One_of_the_girls said:


> Well I don't need a label. I just write the buyer's address on the envelope/box and go to the post office. I have listings on ebay and tradesy too and mostly that's how I do it - that way they scan it right in and I get my receipt & I know it is accepted and in transit the same day. I just pay the post office cash. I only used the ebay labels a couple times - when regional A was the cheapest way & Tradesy I do use mostly because they don't take out commission then but  then I still bring it to the post office. On Mercari I am new so I only listed books and media to see how that goes so I don't really need their labels - the pricing is all wrong for media mail anyway.

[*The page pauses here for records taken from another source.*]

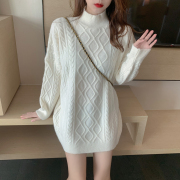 • 宝贝名称: 半高领毛衣女秋冬外穿宽松慵懒风螺纹领套头中长款麻花针织上衣潮
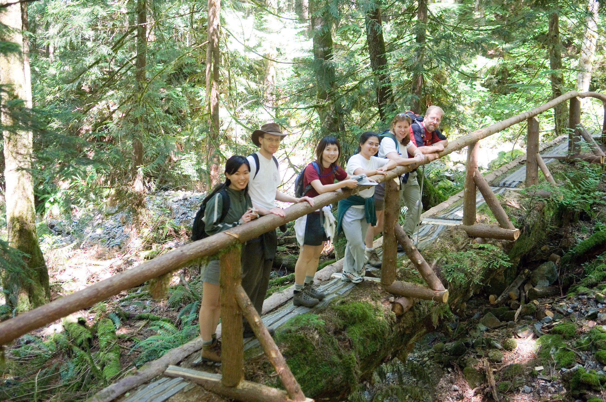 I like these log bridges. They give you sense of just how strong trees really are - they can rot for 10 years and still be strong enough to support lots of people.
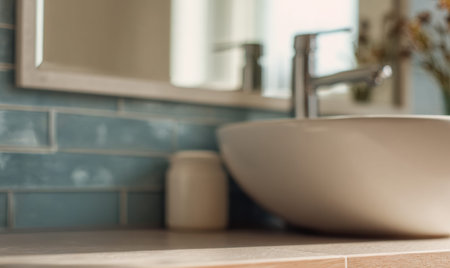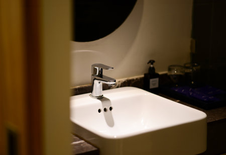 A contemporary bathroom scene featuring a sleek faucet over a clean sink, accentuated by soft ambient lighting and reflections, perfect for modern home decor inspiration.
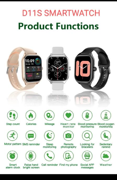 Pametni sat, SMART D11S pruža niz vrlo interesantnih i prije svega korisnih funkcija u svakodnevnom životu i radu, te sportsko rekreativnim aktivnostima!
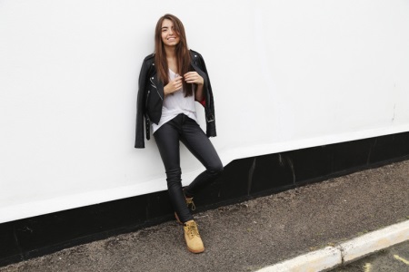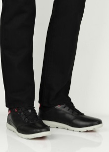 Sneakers of the well-known brand harmoniously combine with sports and urban-style clothing, such as jeans and T-shirts, jeans and a warm coat or jacket in dark colors, a brown or yellow parka.
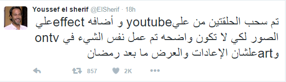 وكتب يوسف الشريف، عبر حسابه علي “تويتر”: “تم سحب الحلقتين من علي “youtube” و إضافة “effect” علي الصور لكي لا تكون واضحة؛ تم عمل نفس الشيء في ontv وart، علشان الإعادات والعرض ما بعد رمضان، وسيعلن اعتذار رسمي في المسلسل نفسه من كل طاقم العمل”.
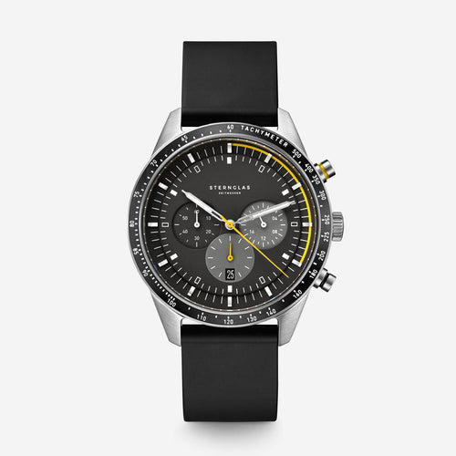 Unser Kautschukband ist aus einem Guss hochwertigem Flurokautschuk gefertigt. Strapazierfähig, robust und angenehm in der Haptik. Die strukturierte Rückseite verhindet zudem ein Anhaften an der Haut. Perfekt für alle, die es klassisch und unkompliziert wollen. Dank Schnellwechselsytsem ist ein müheloser Wechsel möglich.
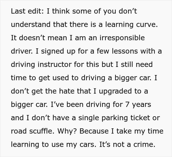 All in all, this led to OP catching a whole lot of flak about her being an awful driver. In her defense, 7 years of driving without any accidents at all is no small feat. According to her, she’s done it by simply learning the cars she drives well.
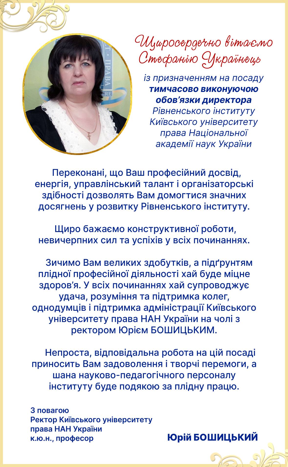 Вітаємо С.Я. Українець призначенням на посаду т.в.о. директора РІ КУП НАН України!
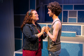 First, at two hours and ten minutes, it is at least half an hour too long. (Seriously, this show would be much improved if it were cut to a 90-minute one-act. Though it does have a "natural" point at which to break–at least one of whom is a major star-in-waiting–Christmas vacation–at least one of whom is a major star-in-waiting–there is no reason for it to be two acts long except to sell refreshments at intermission.) Second, the central premise of the show's first hour involves students in a diversity-themed dorm called, bluntly, Diversity House, who simply refuse to accept that a new freshman is gay because he does not adhere to their internalized picture of what "gay" is. (Their excuse is that he is not as "awesome" as a gay guy should be.) It makes for an interesting first act as the young man (Logan, played by Ben Ballmer) tries on various stereotypical gay "types" in order to find where he fits, failing miserably at all of them and ending up with his dormmates shunning him and calling him "straight" as an insult. Until this issue was resolved (which, thankfully, it was), it tainted my entire experience of the first act. It's not that Logan is a great guy–in fact, he's a bit of a jerk–but the notion that one cannot acquire one's "gay card" except by adhering to archetypes that, though they have basis in reality, are not the only ways to be gay–or anything else, for that matter. Every time the plot came back around to his "trying on" personas that were foreign to him in order to earn that mythical "card," I cringed. Ballmer, all flailing arms and legs, does his best to mimic the ideal for each gay tribe–"twink," "gaymer," etc.–but fails, often for trying too hard but sometimes for simply bizarre reasons. One character comments that he doesn't do "twink" well because he is too thin, even though slimness is part of what the twink stereotype is all about. (I did like his failing as a "gaymer" after touting SIMS, though.) Anyway, at a college Pride Night just before the Christmas break, Logan finally finds acceptance, cementing his gay card by publicly kissing the gay porn star who is acting as a kind of grand marshall. It's a winning gambit, but in doing so he alienates the two people who are closest to him: his longtime best friend Melanie (Sophie Murk), who has always loved him; and Graham (Freddy Mauricio), the young man who has slowly been falling in love with him all semester. Logan becomes a master class in gaining the whole world but losing his own soul, and the second act follows through on how he manages to set things "straight" (sorry). Because this is a musical comedy, of course he succeeds. It's all far too easy, if you ask me, and relies too much on coincidence, but OK. He may not deserve his happily-ever-after but, again, musical comedy rules apply. Españo's direction–I especially love the way he stages the three-part team called the "Blog Trio"–and Britta Schicht's fun choreography, along with some very creative costuming by Shawn Quinlan, keep everything alive and eminently watchable, and the ensemble is rife with enjoyable characters. Ballmer, the ostensible lead, can be charming, but Korell and Keebler keep forcing him to be a contemptible twit, and it's hard to keep rooting for someone like that. (For the record, Ballmer never seems totally at ease with Logan's actions, which I'm sure is an instruction from Españo that he takes to heart, keeping the character just this side of the darkness and, therefore, redeemable.) Other significant characters include Justin (Nathaniel Thomas), a heterosexual high school jock seeking to reinvent himself without losing his caché; Danielle (Rachel Carreras), the hypersexual dorm RA; Cory (Joseph Alvey), a bi dormmate who would like to make it with second-act Logan (although, to be fair, he isn't very discriminating) after mostly dissing first-act Logan; July (Maya Radjenovich) an effervescent girl who explains her odd name by saying that her parents named her April and "Do I look like an April?"; and the aforementioned Blog Trio (Michael Idalski, Elijah Warfield, and Adelina Marinello), who appear in light-up goggles and satirize the help blogs found online. Which brings me back to Graham and Melanie. We learn a lot about Graham here. He's Logan's opposite, a young man who calmly studies people, doesn't care about fitting in, and has many friends because he isn't trying to get them. It's inevitable that he sees something in Logan that attracts him (as opposites do). He's holding back, of course, every bit as much an issue as Logan's uber-anxious need to twist and contort himself into stereotypes. Because of that, though, he can be hurt badly if he allows himself to feel. That's Melanie's problem, too. Instead of sneakily posting on the Gay Card Blog like Graham, she is focused entirely on her education (she even sings a song, "Extraneous," about the intersection between feelings and, well, math). What she is holding inside, though, is the fact that she has been in love with Logan (hopelessly, she now knows) forever. It hurts her to see him transform from the boy she knew into ... whatever he is turning into. She has several songs about her feelings, and though the whole cast are strong singers, Murk towers above them. On opening night she received several long ovations–the longest one probably in homage to how she held it together when her mic went out, raising her volume and hoping that Robert Ollis's five-piece band would adjust on the fly, which it did–and all of them were deserved. Truthfully, it is Melanie's story here as much, if not more than, Logan's, and all of her joy and pain are earned by Murk. In the end, as the characters sing, we are all "figuring it out as we go." What Korell and Keebler need to figure out is how to take this show to the next level. I hope that, in doing so, they don't cut the several lovely character ballads. The more high-energy songs are strong, but the softer (often so
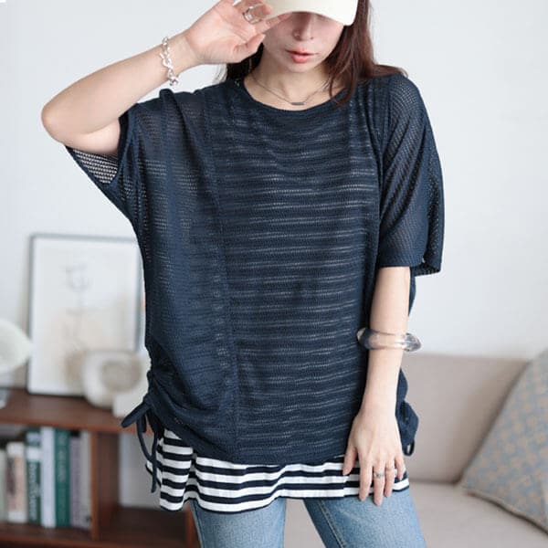 単品使いもできて着まわし力抜群☆透かし編みドルマンニット&ボーダータンクトップ2点セットの登場です!ゆとりのあるラフなサイズ感がが体型カバーとこなれを演出します♪裾サイドのドロスト×ドルマンシルエットが作り出す抑揚感のあるレイヤードスタイルをお楽しみいただけます。ドロストは好みのシルエットに調節ができるので、スカートにもパンツにも取り入れやすい着回し力抜群のセットアイテムです。
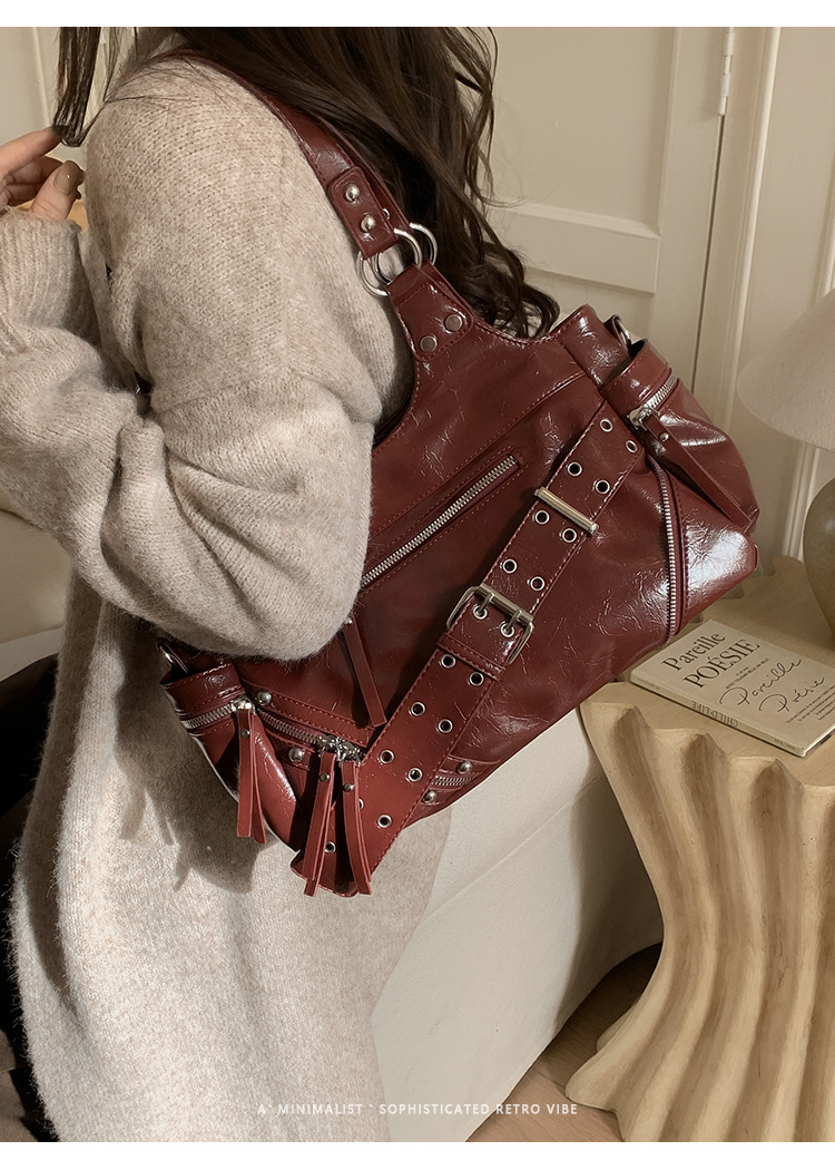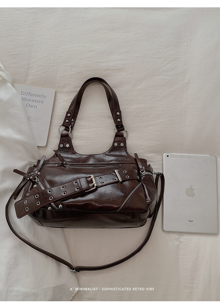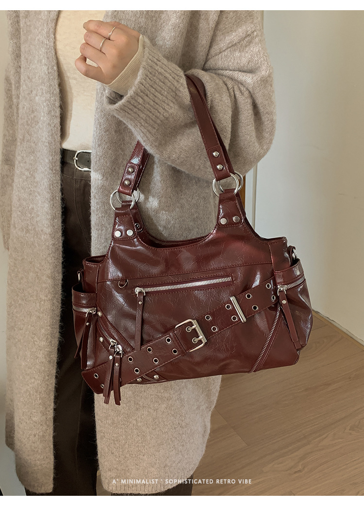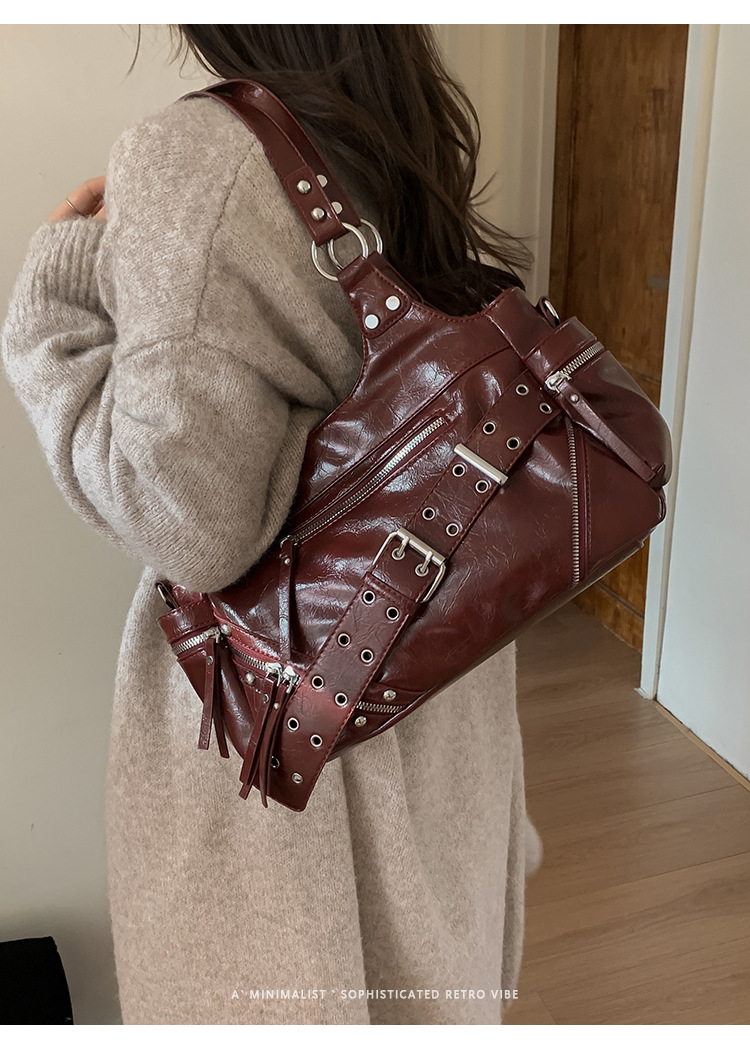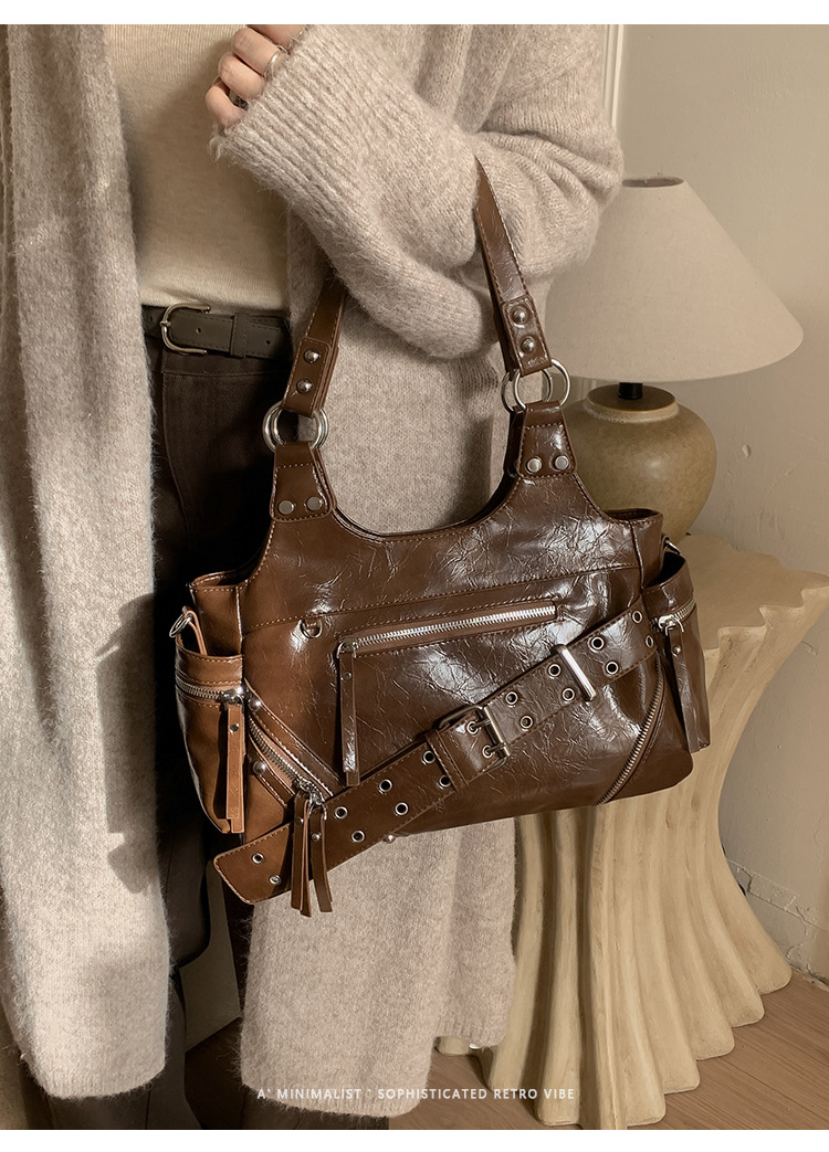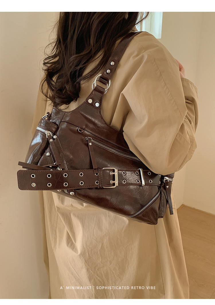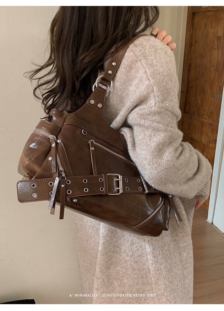 Bolsa de motocicleta de chicas calientes transfronterizas para mujeres 2025 nuevo retro cuero de cera de aceite de hombro bolso de brazo bolso de mano casual

If you sell on Ebay you actually get a discount printing labels through them or Paypal.  The rate the post office charges is the non-discounted rate so you will pay a higher rate.  
I just leave the package outside for my mail carrier.  My carrier must not be the norm because she is awesome and always makes sure to scan in when she picks up.


----------



## One_of_the_girls

whateve said:


> I see your problem. When you set up a listing, first you are asked if you want to offer the buyers free shipping. If you select yes, then you have two options: prepaid label or ship on your own. If you select ship on your own, it doesn't add the shipping cost in. If you select prepaid label, then you are given the page where you have to select the weight of the package and what shipping service you want to use. When you select no to offering buyers free shipping, it only gives you the option to use their label, and forces you to select a shipping service and weight. That amount is charged to the buyer but isn't included in the item price.
> 
> So I was wrong, you weren't charged for the label, the buyer was. But Mercari expected you to use it since the buyer was paying anyway. You still have a problem because as long as you can't enter your tracking number, Mercari won't know it has been delivered. I wonder if the buyer can still rate you when she receives it? If she can, that might be enough to release the money to you. Still, I would contact Mercari to ask.
> 
> 
> There are no returns on mercari. Possibly that is what will happen if the item is returned for not as described. That has never happened to me on Mercari. I haven't had problems with buyers at all.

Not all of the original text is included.